European equities slipped, extending the longest run of weekly losses in a year as U.K.-listed stocks struggled on the anniversary of Britain’s vote to leave the European Union. Oil was poised for a fifth week of decline as a supply glut shows no sign of ending, reports Bloomberg.
The benchmark STOXX Europe 600 index dropped for a third week, with food and beverage companies among the biggest losers after Stifel Financial Corp., a financial services holding company on the New York Stock Exchange downgraded brewer Heineken NV’s stock.
Shares in the U.K. were set for a fourth day of losses even as the pound pared its weekly decline with Brexit negotiations underway.
The dollar headed for its first weekly gain since May after Federal Reserve speakers did little to alter projections for the path of interest rates.
Weakness in energy prices were the theme of the week, with oil in New York and London dropping into a bear market on concerns that expanding supply in the U.S. and Libya will counter output cuts from the Organization of Petroleum Exporting Countries.

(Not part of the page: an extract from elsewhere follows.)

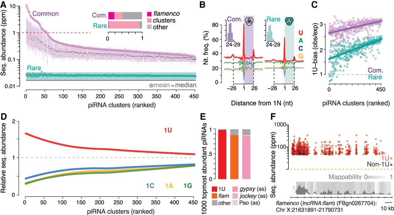 Precursor and processing preferences determine piRNA sequence abundance. (A) A small number of top-ranked piRNA clusters (Supplemental Table S3), led by flamenco (lncRNA:flam), produces common sequences (purple) with an average abundance of more than one read per million (red dotted line). Clusters were ranked by the mean abundance of common sequences (Supplemental Table S3). The sequence abundance of common and rare Piwi-piRNAs for each cluster is shown (mean, median, 25th–75th percentile; n = 3). Inset: The fraction of common and rare Piwi-piRNAs that originate from flamenco (lncRNA:flam) and other piRNA clusters. (B) Common and rare Piwi-piRNAs are generated by the Zuc-processor. Metagene analyses reveal the phased preference of the Zuc-processor for uridine (U) in the first position of the observed piRNAs (colored box) as well as in the first position of proceeding and preceding piRNAs. Inset: Length distribution of common and rare piRNAs in nucleotides (nt). (C) Common piRNAs have a stronger 1U-bias than rare piRNAs from the same cluster. The bias for uridine (1U-bias) in the first position—observed over expected 1U frequencies (obs/exp)—of Piwi-piRNAs (clusters ranked as in A and D). (D) Uridine in the first position (1U) is indicative of higher sequence abundance. The mean abundance of piRNAs that start with a uridine (1U) was compared to that of piRNAs that start with either adenosine (1A), guanosine (1G) or cytidine (1C). The mean abundance of 1U-, 1A-, 1G-, and 1C-sequences relative to the mean abundance of all sequences from the same cluster (relative sequence abundance) is shown (clusters ranked as in A and C). (E,F), Most of the 1000 topmost abundant Piwi-piRNAs exhibit a 1U, originate from flamenco (lncRNA:flam) (flam) and show antisense-complementarity (as) to gypsy endogenous retroviruses. Annotated fractions (E) and genomic position within flamenco (lncRNA:flam) (F). Multimapping sequences are represented with all possible coordinates within flamenco (lncRNA:flam) (F).

In Europe, the battle lines over negotiations to untangle Britain from the union have been drawn, with residency rights and clearing of euro-denominated financial instruments among the first issues making headlines.
“As a heat wave engulfs Europe, equities may suffer from sticky conditions near-term,” Bank of America Merrill Lynch strategists including Ronan Carr said in a client note Friday, adding “slowing cyclical momentum, weak oil and policy uncertainty could cause a wobble.”